Georges Grinstein at UMass just asked me what the top 5 research challenges are for the field of information visualization. I thought I'd blog my response here that I wrote up in 15min:
Georges:
About 5-6 years ago I wrote up an article that was going to be published in a software engineering magazine about challenges in Visualization, and then they pulled the special theme after I submitted it. I wonder where that article is now....
In any case, briefly here is my updated list off the top of my head (in no particular order):
- Integration with data sources: This remains to be one of the major challenges that never seems to go away. It's just too damn hard most of the time to transform the data into a format that visualization tools can understand.
- Integration of interactivity with analytic algorithms: Most of the time visualization is still run with command lines in batch mode. it's still too hard to ask the 'what-if' questions. This was what my visualization spreadsheet system was trying to solve.
- Working together with social analysis of data sets: Most of the time visualization exists in a context where the data is being analyzed or consumed in a social setting. It's not create a pretty picture and then stop and done. It exists in a social setting where there is a lot of different annotations by different people and different ideas being tried. Think ManyEyes here or Data360....
- Perceptually or cognitively too hard to understand: Much of visualization is designed not for the masses, but rather for the specialist. A challenge is to design visualizations that can be easily consumed or laypeople can be easily trained to use. Think about treemap being used on SmartMoney.com. How many have really learned to look at it? That's a crucial question to study.
- Design Research: I call this one the "Beyond-Tufte problem". How do we get beyond having geeks and gurus tell us how to design visualizations? We need a rigorous HCI design research approach to visualization that encompasses ethnographic studies, user-need analysis, iterative design, and real evaluations beyond cute lab confirmation studies.
--Ed
2 comments:
happy chinese new year.
the thank is from me. i love the quote in your presentation "the first step in solving any interesting problem is to get some paper and pencil." (from John Tukey, right?)

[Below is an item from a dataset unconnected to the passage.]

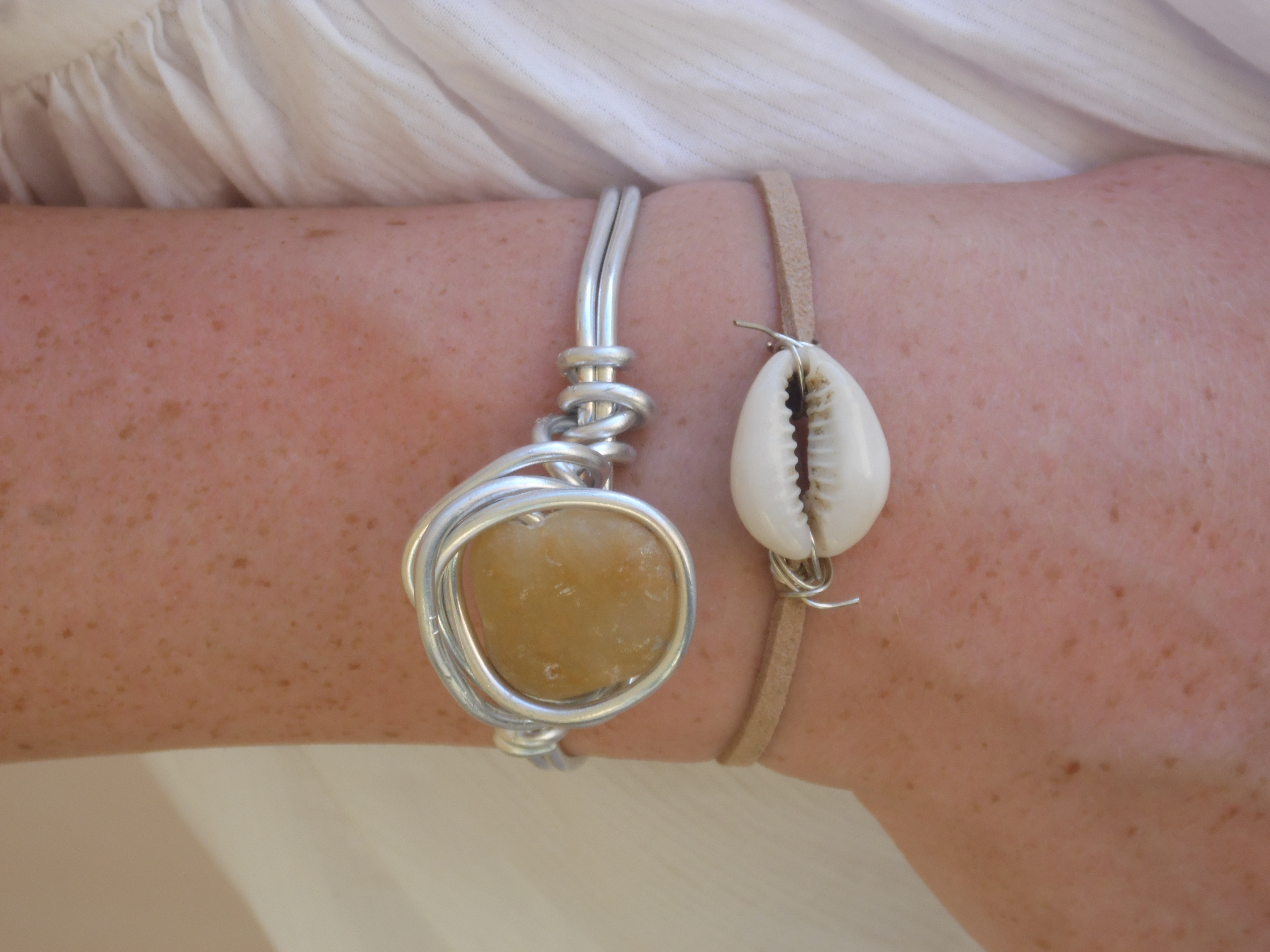 The pebble cuff & shell bracelets were handmade by me & they are perfect for Summer & the beach!

i first read it in Christina Wodtke's book, Information architecture. "Pencil makes you smart," she said. It is very true. I used to sit in front of computer moving a graphic or something left and then right an inch.
Pencil really helps in some framework thing.
i've just got started to read something about theory of network. i get a copy of Duncan Watts's book Six degrees.
and, and, more importantly, i have just been a Wikipedian. :>
Pen, Thanks for writing. Yes, the quote was a paraphrase from John Tukey, as the way I heard it from Stu Card. I hadn't heard about the quote from Wodtke's book, so I would be interested in looking it up soon.